I think the movies are great. I wrote a couple of them. I enjoy a lot of them. But the heart and soul of that franchise was the TV show and examining these ideas in a science fiction context that was about us, that was about society. 

Like many Trek fans, while Moore finds the J.J. Abrams Star Trek films entertaining, he doesn’t think they capture the essence of Star Trek. For him, Star Trek is “a show [of] little morality plays.” 

The movies move the franchise into this territory that’s action-adventure all the time, and it’s all about blowing up the universe. There has to be a big villain. It’s like every movie has to have its Khan now. And it’s basically always the captain’s story and maybe one subplot, and everyone else kind of gets a cameo. And that isn’t Star Trek to me.

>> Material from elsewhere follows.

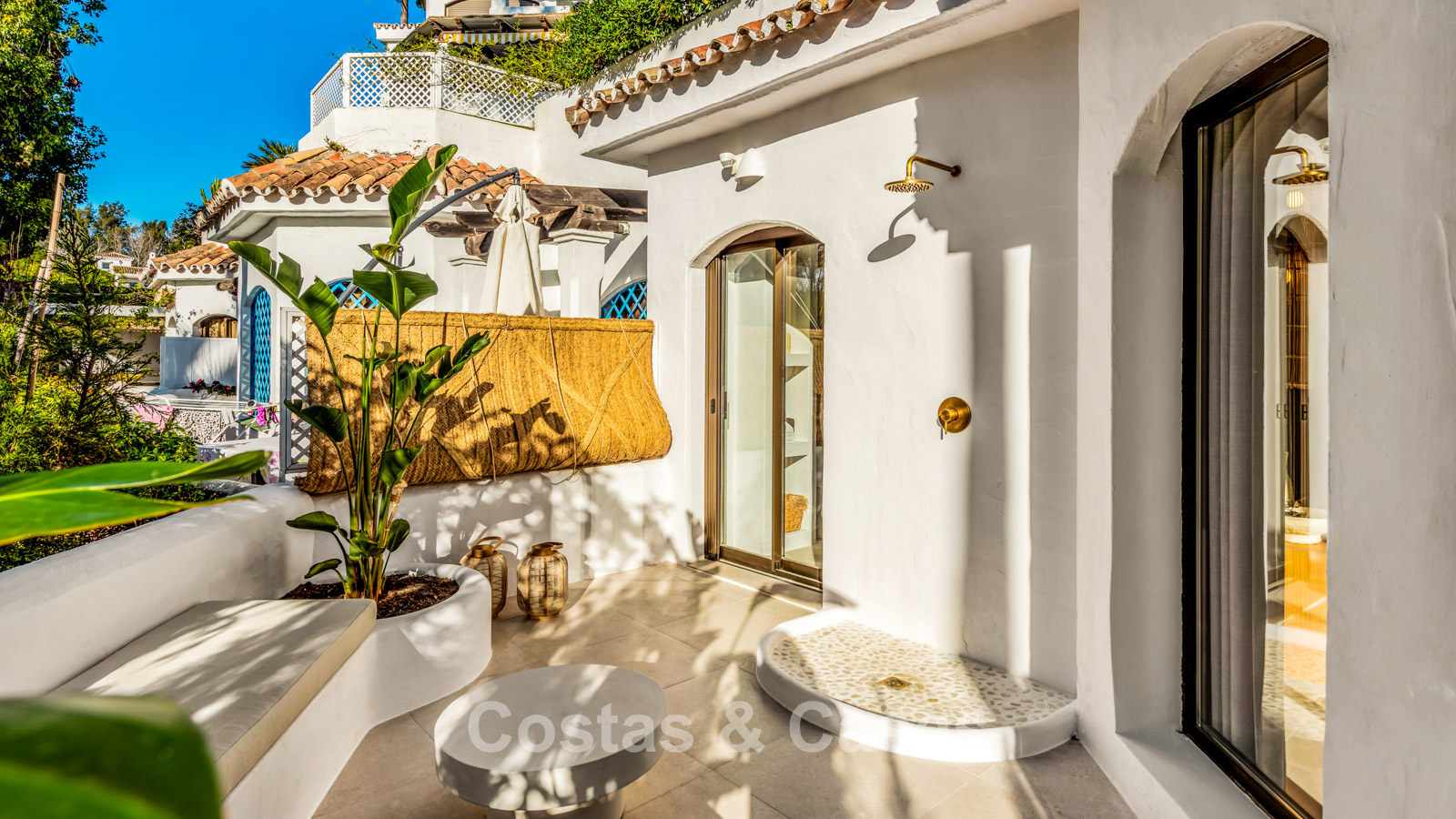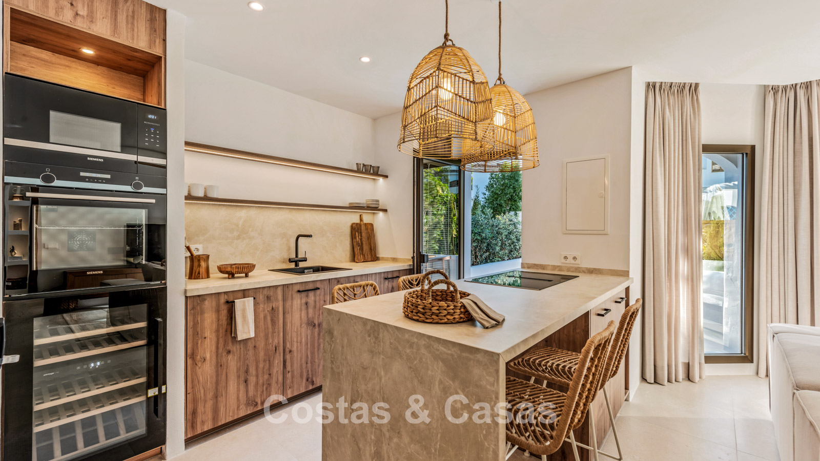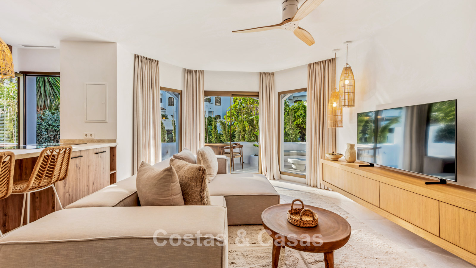 Appartement en rez-de-chaussée en excellent état. Récemment rénové dans un style contemporain avec des matériaux de haute qualité. Orientation ouest. Un intérieur charmant au style bohème méditerranéen, avec des touches de bois naturel et un agencement ouvert qui respire la chaleur et la sérénité. Une terrasse ensoleillée et abritée entoure en grande partie le séjour et, grâce à son design ouvert et sa végétation luxuriante, offre une atmosphère méditerranéenne sereine. De hautes fenêtres laissent entrer une abondante lumière naturelle et créent une transition harmonieuse entre l'intérieur et l'extérieur. Salon agréable avec coin repas et coin salon. Cuisine haut de gamme, équipée d'appareils Siemens et d'un îlot central avec plaque de cuisson et coin repas. 2 chambres, 2 salles de bain. Sol carrelé couleur crème.

Moore notes that Star Trek was “never a great action-adventure show,” in any of its TV incarnations, and that there aren’t many great fights in the series because of it.

There are some good space battles in some of the later series, but that wasn’t why you were tuning in every week. You were tuning in every week because Spock was a fascinating character. Because his friendship with Kirk was profound and really unusual. The triangle with McCoy was a really interesting thing. And Data as Pinocchio trying to be a real boy is a great storyline. And Worf’s story as a Klingon among humans. And Picard’s relationship with Q. And, you know, the politics of Deep Space Nine and terrorism and occupation.

As Moore muses about the past and future of Star Trek, it’s clear that, while he may no longer be an active creator in the Star Trek universe, he is still very passionate about this world. In other words, he is a fan. 

“These are great, fascinating stories that were bigger and more important than just blowing up a planet,” Moore gushes. “[The Original Series] was about politics, it was about racism and sexism and a lot of really interesting stuff, and I’m hoping that that’s where the show goes because that’s why people fell in love with it. That’s why it’s lasted since the 1960s.”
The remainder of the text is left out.